Indexed
Reference

Other commands

Top-level options, init, documentation, license, and file formats.

Other commands

Top-level indexed commands (everything that is not only under indexed index *, indexed config *, or indexed mcp *), plus file formats and parsing. Full flag tables for index and MCP live in Index commands and MCP commands so this page does not repeat them.


Global options (top-level)

From indexed --help, options before the COMMAND name:

GroupFlagDescription
Options--install-completionInstall shell completion for the current shell
Options--show-completionPrint completion script to copy or customize
Options--helpShow help and exit. Note: the top-level CLI does not accept -h (use --help)
Usage--localUse .indexed/ in the current working directory instead of ~/.indexed/
Usage--simple-outputMachine-readable JSON for programmatic use
Debug--verboseEnable INFO-level logging
Debug--log-levelDEBUG | INFO | WARNING | ERROR
Debug--json-logsEmit logs as JSON

Subcommands add their own option groups (for example Logging and Storage on indexed index create files).
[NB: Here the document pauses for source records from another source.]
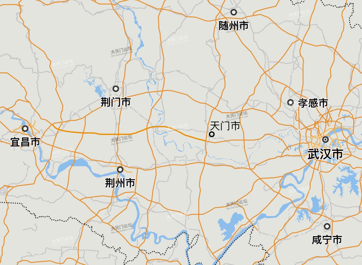 :好早之前就有了,不是现在才有的,以前只是有天门段的走向,后面汉川段的走向也是虚线全显示出来了,你地图上放大一点看,干一,马湾,小板三个出入口收费站都标好了
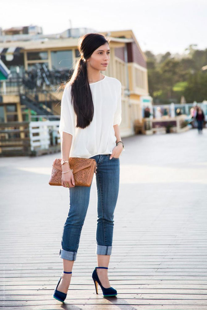 Чтобы смотреться выше, избирайте однотонные комбинезоныТуфли с ремнём на
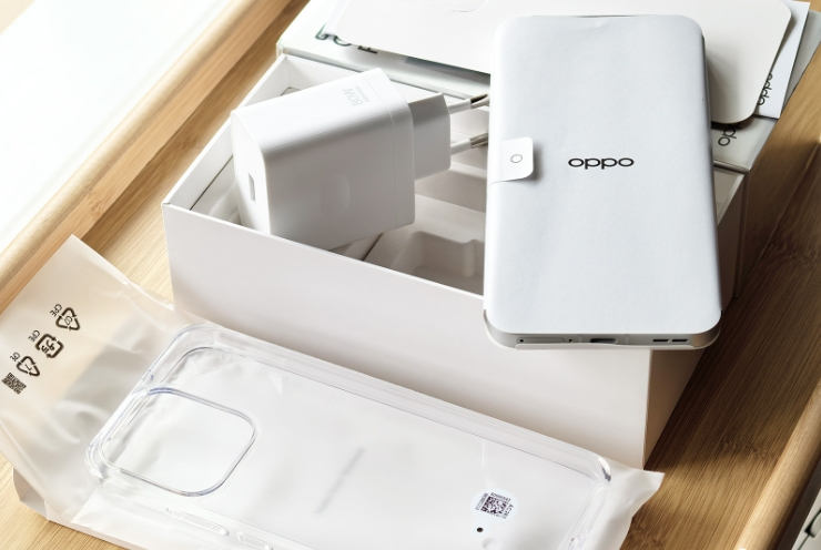 إطار من الألومنيوم غير اللامع وزجاج على اللوحة الخلفية. خلال العرض التقديمي، ذكرت أوبو أن النمط على الزجاج يتكون من 12 طبقة. ولجعل اللوحة تبدو حريرية الملمس، تم دمج جزيئات بلاستيكية فيها باستخدام تقنية الحفر النانوي. الزجاج مريح جدًا للمس.

See the --help for the command you are running.


indexed init

indexed init [OPTIONS]

Download the embedding model and create directories. From indexed init --help:

OptionDefaultDescription
--model / -mall-MiniLM-L6-v2Model to download
--force / -foffRe-download even if already cached
--skip-modeloffSkip download; only create dirs and validate config

indexed migrate

indexed migrate [OPTIONS]

Migrate legacy ./data/ into global ~/.indexed/data/.

OptionDescription
--dry-runList what would be migrated without copying

indexed docs

indexed docs [TOPIC]

Open documentation in the browser. Optional TOPIC narrows the page (e.g. index, config, mcp, confluence, files, jira — see indexed docs --help).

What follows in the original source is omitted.